Внутри четвероугольника, во второй и третьей шеренге, загремели мушкеты. Людей заволокло дымом. Топот и гул нарастают; еще минута – и вот она, вражеская хоругвь!.. Сквозь дымную пелену первая шеренга пехотинцев вдруг видит прямо перед собой, почти над головою, тысячи лошадиных копыт, раздутые ноздри, горящие глаза; слышно, как трещат, ломаясь, копья; ужасающий вопль взмывает в воздух: одни голоса кричат по-польски: «Бей!», другие по-немецки: «Gott erbarme Dich meiner!» [262]262
  «Боже, смилуйся надо мной!» ( нем.)


[Закрыть]

Полк смят, разгромлен, но рядом, между соседними четвероугольниками, заговорили пушки. Однако тем временем подоспели другие польские хоругви; сейчас они налетят на лес копий, но, возможно, не всякой удастся его сломить, ибо ни одна не обладает такой сокрушительной силой, как хоругвь Войнилловича. Крик теперь уже стоит надо всем полем битвы. Ничего не видно. Но вот от густой толпы сражающихся начинают отделяться разрозненные группы пехотинцев в желтых мундирах – видно, еще один полк разбит.
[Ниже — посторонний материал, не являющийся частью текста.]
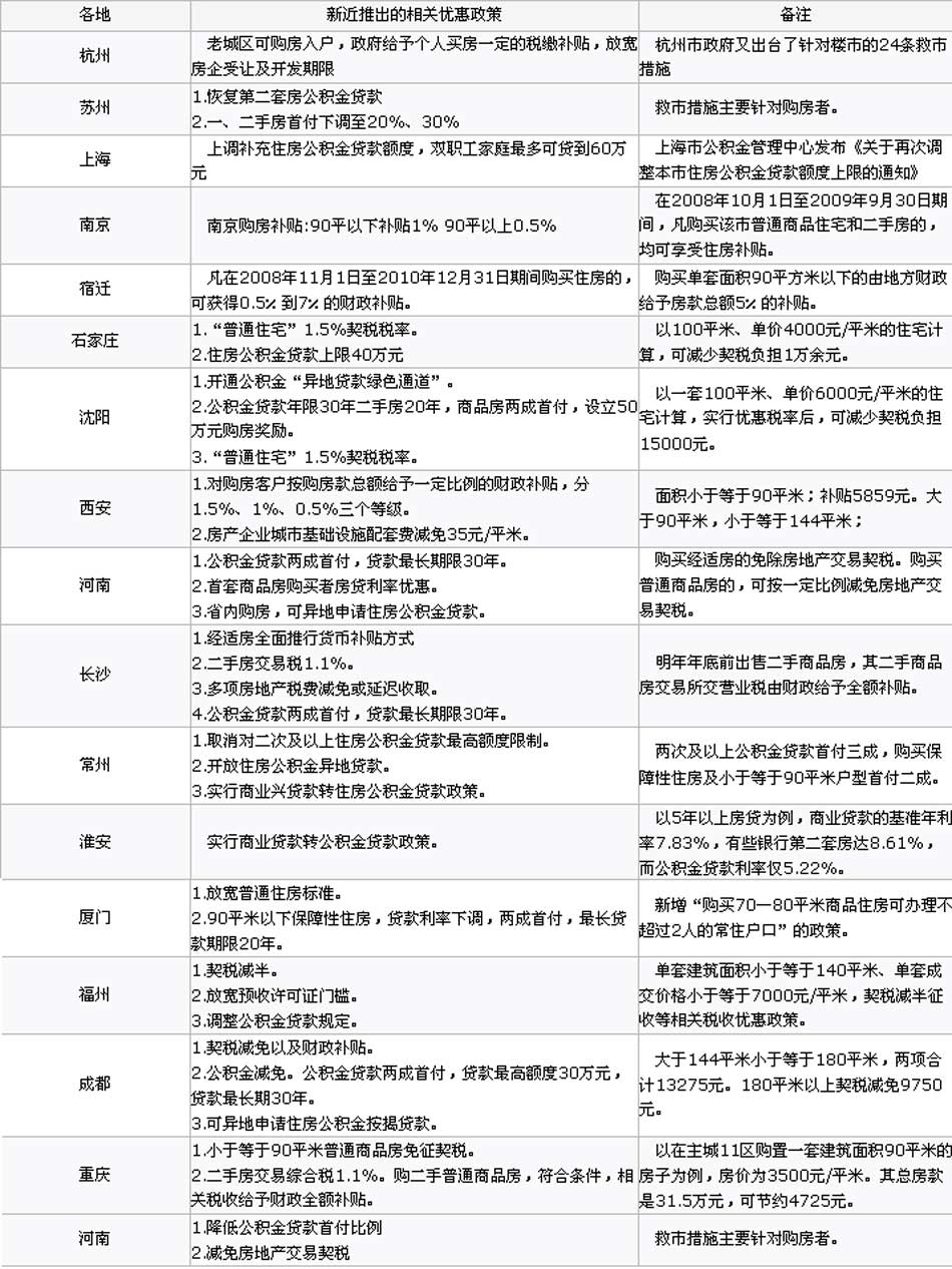 10月 18城市出臺購房優(yōu)惠政策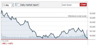 Consider the four CNN charts below of the DJIA. Two of the screenshots were taken in the brief widow of time when the trading volumes are still displayed shortly before the market closes for the day. Observe in the upper images the change in the volume pattern during the day – high turnover just after the open. The bear trend in the first chart was reversed with sustained buying that cut the loss for the day almost by half – but required a sustained boost of high volume later to keep the market from collapsing.
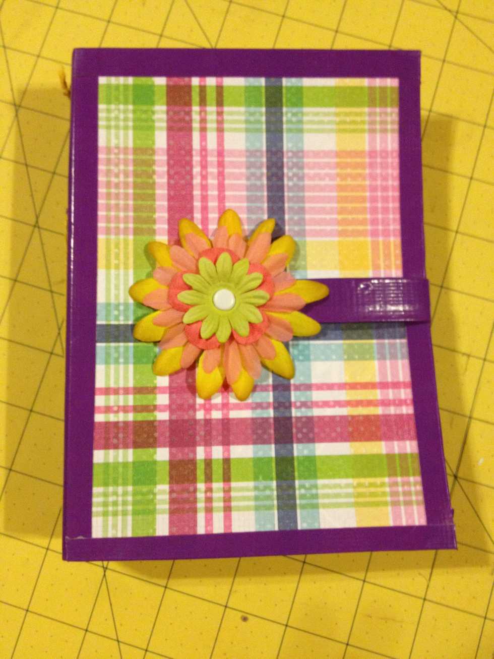 Take one of the scrap strips of paper and wrap it in duct tap for the closing strap. Glue it to the back cover.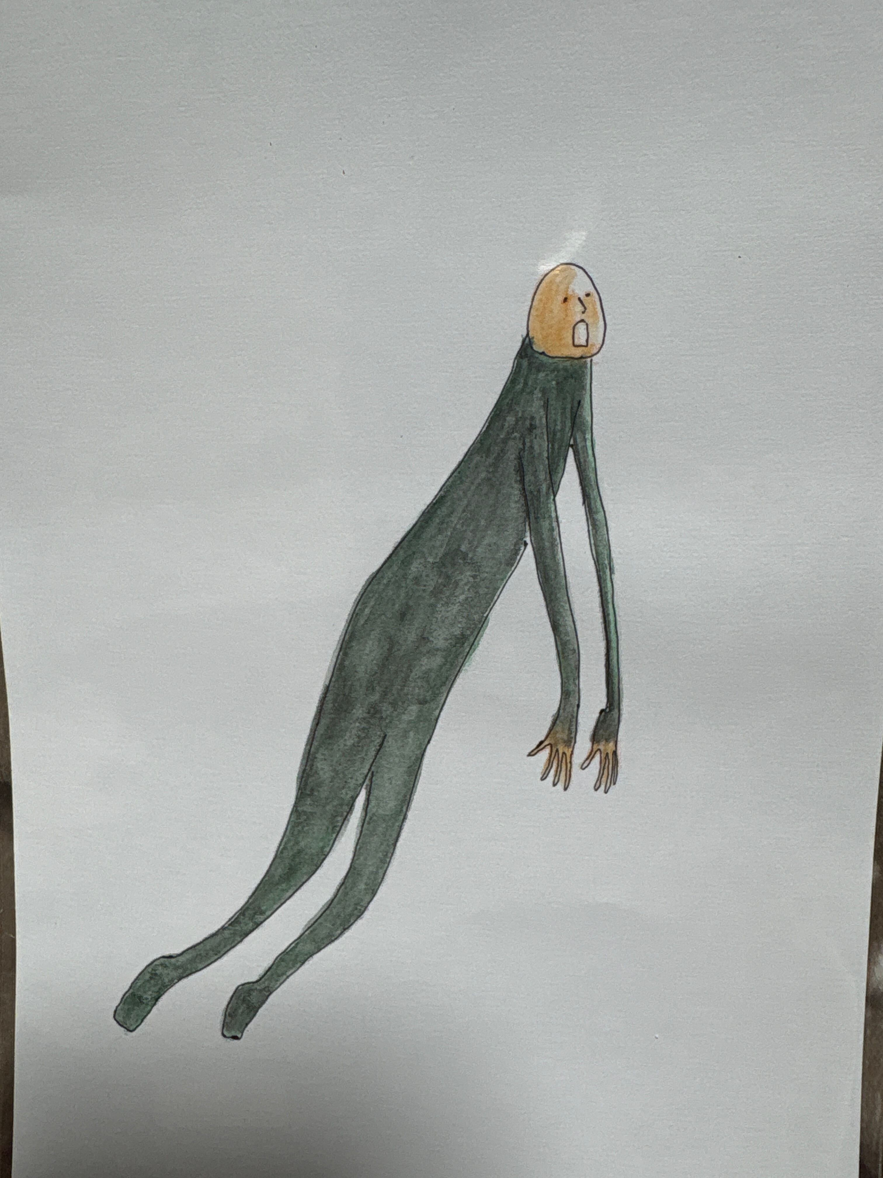 マルマンの薄口タイプの水彩画用紙B6サイズに、ボールペンと水彩色鉛筆で描いています。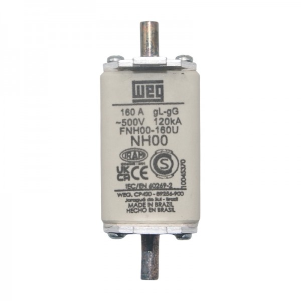 Os fusíveis gL/gG retardados tipo NH contato faca são montados em corpo cerâmico de alta qualidade, com preenchimento com areia de quartzo, elemento fusível em cobre eletrolítico e conexões tipo faca em latão prateado. Esta construção proporciona ótima isolação elétrica, rigidez mecânica e resistência contra choques térmicos durante a atuação do fusível. Cod:013643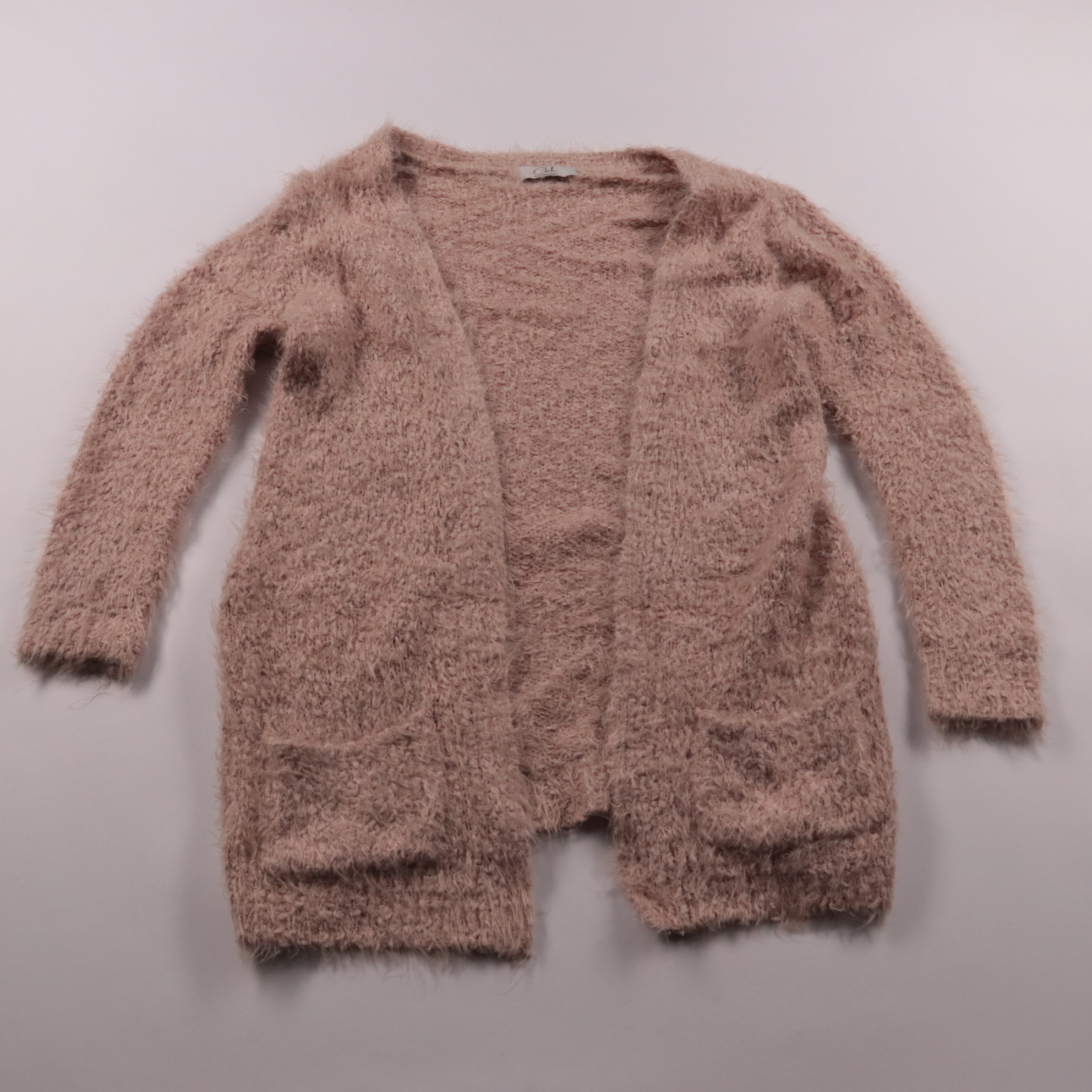 Вязаный кардиган Clockhouse с пушистой фактурой и открытым передом, в нежно-розовом оттенке. Подойдёт для повседневных образов и прохладных дней, хорошо смотрится поверх топа или платья. Практичный плюс — объёмные накладные карманы и мягкая посадка без...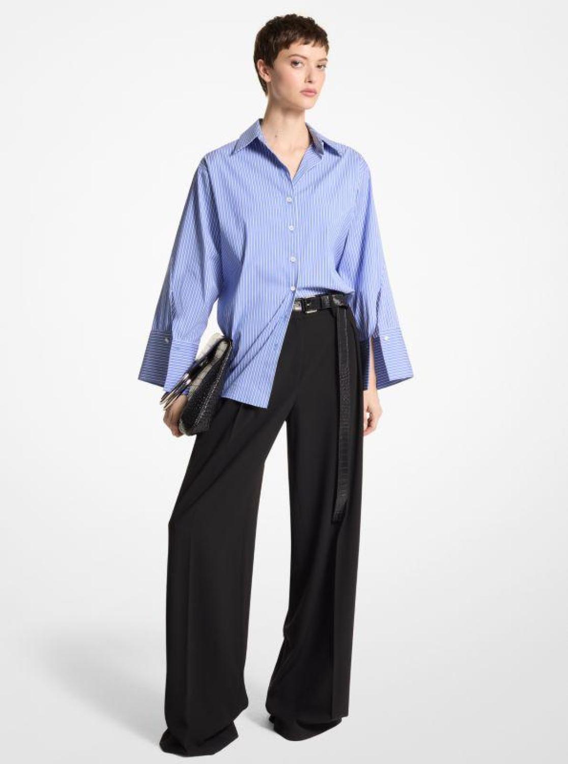• This finely crafted Italian shirt is a masterclass in modern tailoring. The striped stretch organic-cotton style features pressed seam detailing along the arms that enhance the artfully shaped sleeves. Temper the oversized silhouette by wearing it half-tucked into trousers.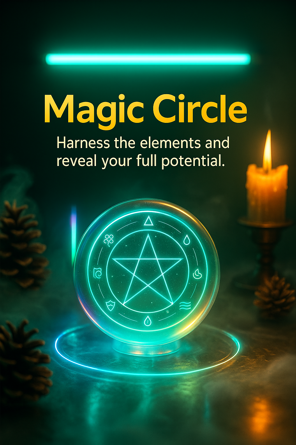 /Collection: /by davooda/Type: PNG/A mesmerizing neon magic circle illuminated by soft glowing lights, featuring symbols and a candle, creating an ethereal atmosphere. The text encourages harnessing one's potential.

Вдогонку за ними пускаются всадники в сером, они рубят и топчут беглецов, крича: «Лауда! Лауда!»

Это Володыёвский расправляется со вторым четвероугольником.

Остальные пока еще держатся; победа еще может склониться на сторону пруссаков, тем более что у самого лагеря стоят два свежих полка, а поскольку лагерю ничто не угрожает, они в любую минуту могут быть брошены в битву.

Вальдек, правда, уже совсем потерял голову, Израеля нет – он повел в бой конницу, но Богуслав начеку, он вездесущ, он руководит всем сраженьем и, видя растущую опасность, посылает пана Беса за этими запасными полками.

Бес пришпоривает коня и через полчаса возвращается без шапки, с искаженным от страха и отчаяния лицом.

– В лагере орда! – кричит он, подскакав к Богуславу.

И действительно: в это мгновенье на правом фланге раздается нечеловеческий вой, который с каждой минутой приближается.

Внезапно появляются шведские конники, скачущие беспорядочной толпой, в ужасном смятенье; за ними, без оружия и без шапок, бегут пехотинцы, следом обезумевшие от страха лошади волокут повозки. И вся эта лавина, не разбирая дороги, несется с тыла на собственную пехоту. Сейчас нахлынет, сомнет ее, смешает – а тут еще прямо ей в лоб мчится литовская конница.

– Гассун-бей в лагере! – торжествующе кричит Госевский и, точно соколов с шеста, посылает в бой две свои последние хоругви.

В ту самую минуту, когда эти хоругви ударяют на пехоту спереди, с фланга на нее налетает собственный обоз. Последние четвероугольники раскалываются, словно под ударом молота. Конные перемешались с пешими; вся великолепная шведско-прусская армия превращается в беспорядочную толпу. Люди топчут друг друга, опрокидывают, душат, срывают с себя одежду, бросают оружие. Конница теснит их, рубит, давит, сминает. Это уже не просто проигранное сражение, это разгром, один из самых ужаснейших за всю войну.

Князь Богуслав, видя, что все потеряно, решает сохранить хотя бы собственную жизнь и спасти от бесславной гибели остатки кавалерии.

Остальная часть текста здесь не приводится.